▶ [Exercise goal]
Repeat the listing word for word. No pictures belong in the copy.

▶ [Supplied information]
------------------------------------------------------------------------

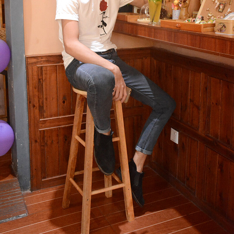 Ladder Stool Home High-Leg Stool Solid Wood High-round Stool Fashion Creative Bar Stool Bar Stool Modern High Chair High Bench
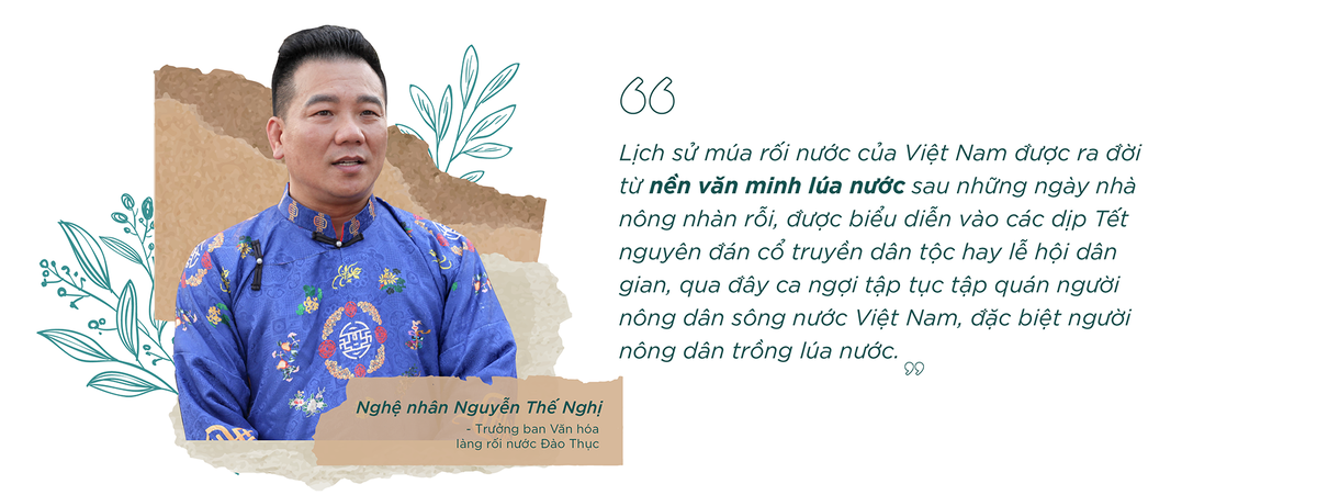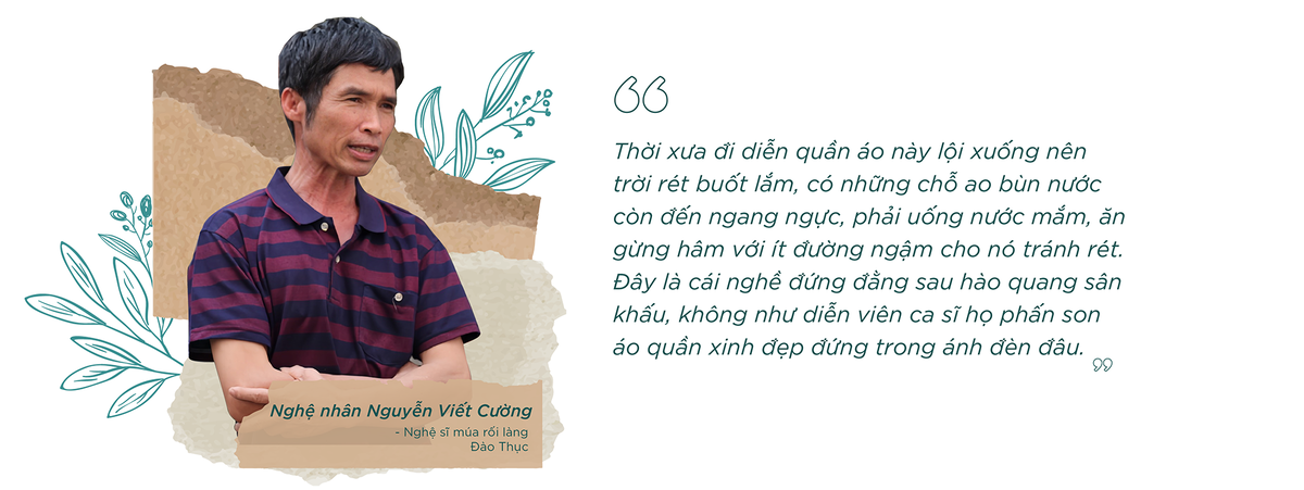 Sự dày công luyện tập, niềm đam mê với nghề diễn rối nước là những yếu tố quan trọng, quyết định đến độ chỉn chu, thú vị của từng sân khấu, từng tích trò mà những nghệ sĩ Đào Thục tạo nên. Song song với nhiệt huyết và tình yêu nghề, người xem mấy ai biết được những nỗ lực đằng sau sân khấu nước của những người nông dân phường rối.
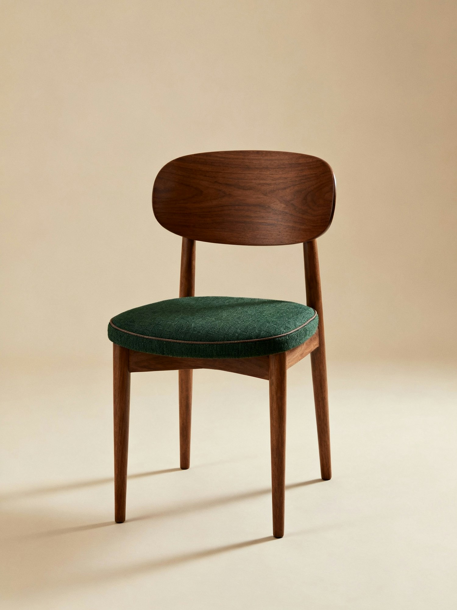Professional studio photography, neutral beige background, soft diffused lighting, sharp focus. A mid-century modern dining chair with a solid walnut wooden frame, slightly tapered legs, and a gently curved backrest. The seat is upholstered in deep green textured fabric, with clean stitched edges. The proportions are slim and elegant, with a timeless retro-modern silhouette. Photographed straight from the front, centered composition, showing the seat and backrest symmetrically.

------------------------------------------------------------------------

▶ [Reply to the exercise]
 Ladder Stool Home High-Leg Stool Solid Wood High-round Stool Fashion Creative Bar Stool Bar Stool Modern High Chair High Bench
 Sự dày công luyện tập, niềm đam mê với nghề diễn rối nước là những yếu tố quan trọng, quyết định đến độ chỉn chu, thú vị của từng sân khấu, từng tích trò mà những nghệ sĩ Đào Thục tạo nên. Song song với nhiệt huyết và tình yêu nghề, người xem mấy ai biết được những nỗ lực đằng sau sân khấu nước của những người nông dân phường rối.
Professional studio photography, neutral beige background, soft diffused lighting, sharp focus. A mid-century modern dining chair with a solid walnut wooden frame, slightly tapered legs, and a gently curved backrest. The seat is upholstered in deep green textured fabric, with clean stitched edges. The proportions are slim and elegant, with a timeless retro-modern silhouette. Photographed straight from the front, centered composition, showing the seat and backrest symmetrically.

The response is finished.